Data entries

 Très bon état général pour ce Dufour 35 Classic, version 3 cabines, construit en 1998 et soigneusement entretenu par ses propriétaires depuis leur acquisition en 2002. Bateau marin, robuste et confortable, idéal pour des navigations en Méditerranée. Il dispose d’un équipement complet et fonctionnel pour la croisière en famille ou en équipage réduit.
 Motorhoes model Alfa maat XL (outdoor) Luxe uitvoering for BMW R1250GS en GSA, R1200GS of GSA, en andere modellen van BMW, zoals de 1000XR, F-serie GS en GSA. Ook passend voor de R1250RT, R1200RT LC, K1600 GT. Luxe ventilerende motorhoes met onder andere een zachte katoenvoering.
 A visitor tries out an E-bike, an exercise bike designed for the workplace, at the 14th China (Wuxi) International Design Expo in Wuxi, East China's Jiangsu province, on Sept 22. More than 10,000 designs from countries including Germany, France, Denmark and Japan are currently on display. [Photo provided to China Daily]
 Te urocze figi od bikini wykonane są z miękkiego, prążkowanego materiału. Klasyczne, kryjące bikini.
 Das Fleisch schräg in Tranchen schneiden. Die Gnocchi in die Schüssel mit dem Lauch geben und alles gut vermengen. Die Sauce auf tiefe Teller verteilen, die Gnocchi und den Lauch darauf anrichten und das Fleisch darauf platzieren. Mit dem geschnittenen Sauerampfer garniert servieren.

---

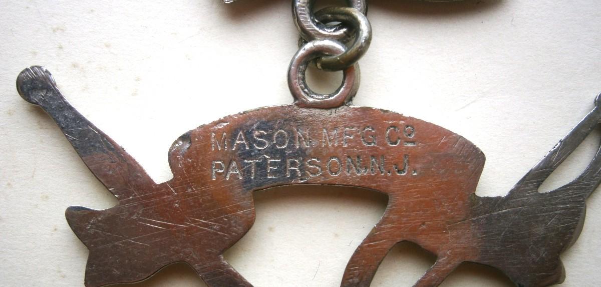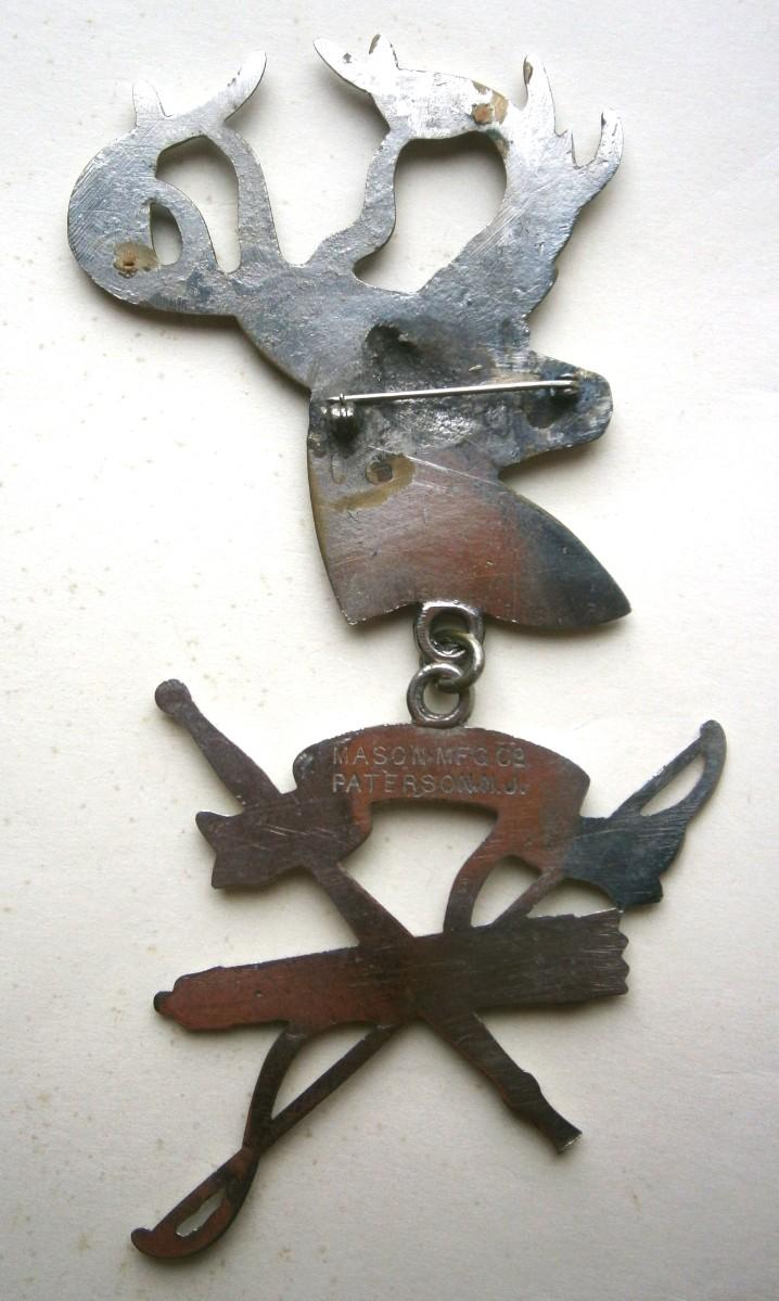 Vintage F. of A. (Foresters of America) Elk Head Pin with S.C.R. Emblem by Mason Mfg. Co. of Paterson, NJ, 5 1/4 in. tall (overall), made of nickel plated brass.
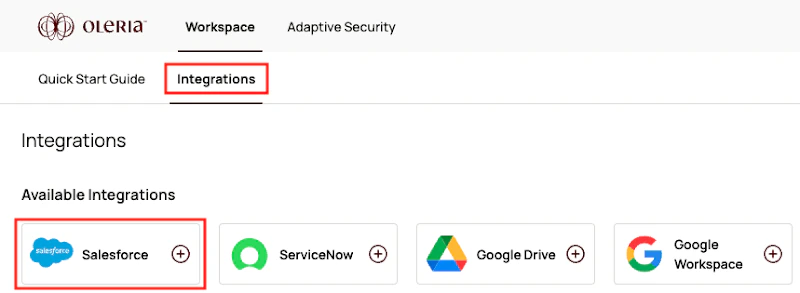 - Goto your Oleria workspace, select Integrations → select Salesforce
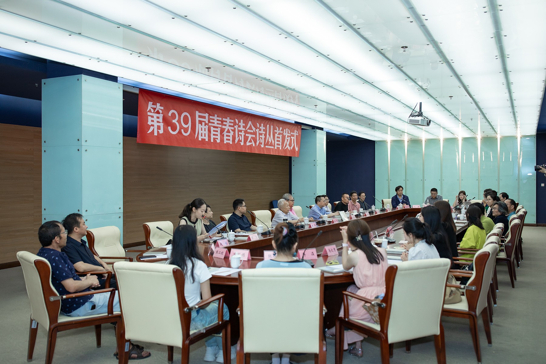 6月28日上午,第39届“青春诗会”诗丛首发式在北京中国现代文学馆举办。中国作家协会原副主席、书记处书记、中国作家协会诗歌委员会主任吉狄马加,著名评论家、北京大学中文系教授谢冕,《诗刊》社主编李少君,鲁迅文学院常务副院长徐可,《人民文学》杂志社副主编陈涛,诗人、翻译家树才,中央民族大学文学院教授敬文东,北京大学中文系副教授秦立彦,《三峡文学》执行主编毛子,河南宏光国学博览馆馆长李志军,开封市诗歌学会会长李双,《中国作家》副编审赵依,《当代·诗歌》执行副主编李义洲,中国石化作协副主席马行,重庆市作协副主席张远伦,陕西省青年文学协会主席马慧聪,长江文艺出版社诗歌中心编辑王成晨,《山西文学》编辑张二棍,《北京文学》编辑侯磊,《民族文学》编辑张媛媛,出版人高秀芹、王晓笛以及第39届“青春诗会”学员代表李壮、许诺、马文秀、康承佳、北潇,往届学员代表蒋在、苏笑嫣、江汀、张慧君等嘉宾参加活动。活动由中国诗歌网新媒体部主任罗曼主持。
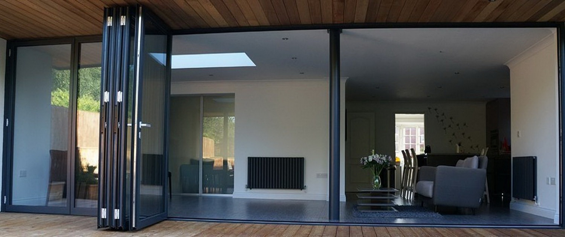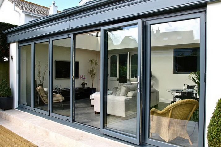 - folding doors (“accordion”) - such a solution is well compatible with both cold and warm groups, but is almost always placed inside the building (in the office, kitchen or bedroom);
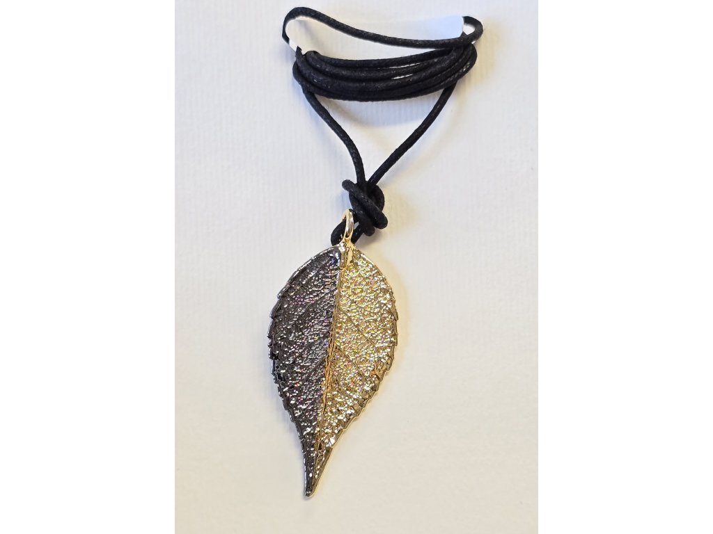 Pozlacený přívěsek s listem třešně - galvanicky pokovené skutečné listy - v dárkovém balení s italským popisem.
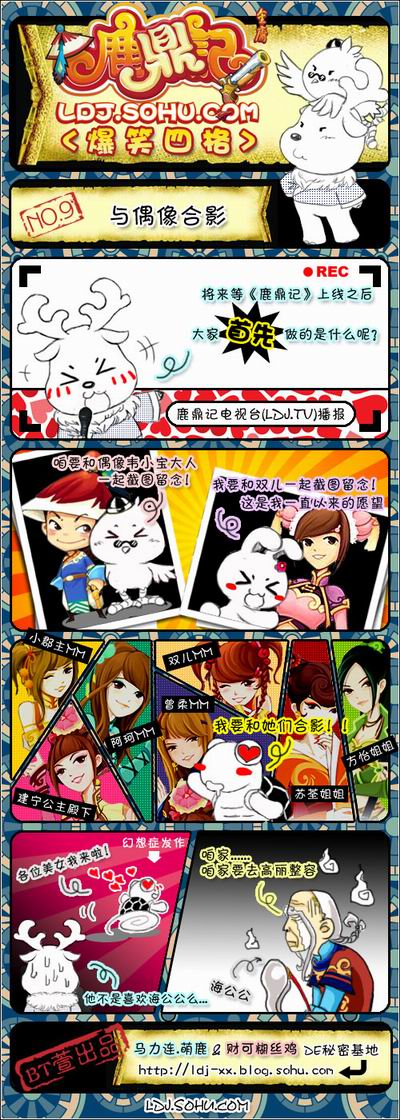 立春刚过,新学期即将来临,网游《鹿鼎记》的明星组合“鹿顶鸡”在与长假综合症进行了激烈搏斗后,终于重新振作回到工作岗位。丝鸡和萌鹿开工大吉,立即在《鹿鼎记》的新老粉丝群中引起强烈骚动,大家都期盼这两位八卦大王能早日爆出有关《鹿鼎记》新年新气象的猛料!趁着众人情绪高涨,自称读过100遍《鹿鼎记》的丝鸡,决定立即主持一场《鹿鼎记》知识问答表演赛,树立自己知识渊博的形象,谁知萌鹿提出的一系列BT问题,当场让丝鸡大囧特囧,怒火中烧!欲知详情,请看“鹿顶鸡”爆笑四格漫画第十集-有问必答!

**Task item**
From the records above, transcribe exactly the lines starting at the one containing "- folding doors" and ending at the one containing "Pozlacený přívěsek s". Skip the pictures.

**Response to the exercise**
 - folding doors (“accordion”) - such a solution is well compatible with both cold and warm groups, but is almost always placed inside the building (in the office, kitchen or bedroom);
 Pozlacený přívěsek s listem třešně - galvanicky pokovené skutečné listy - v dárkovém balení s italským popisem.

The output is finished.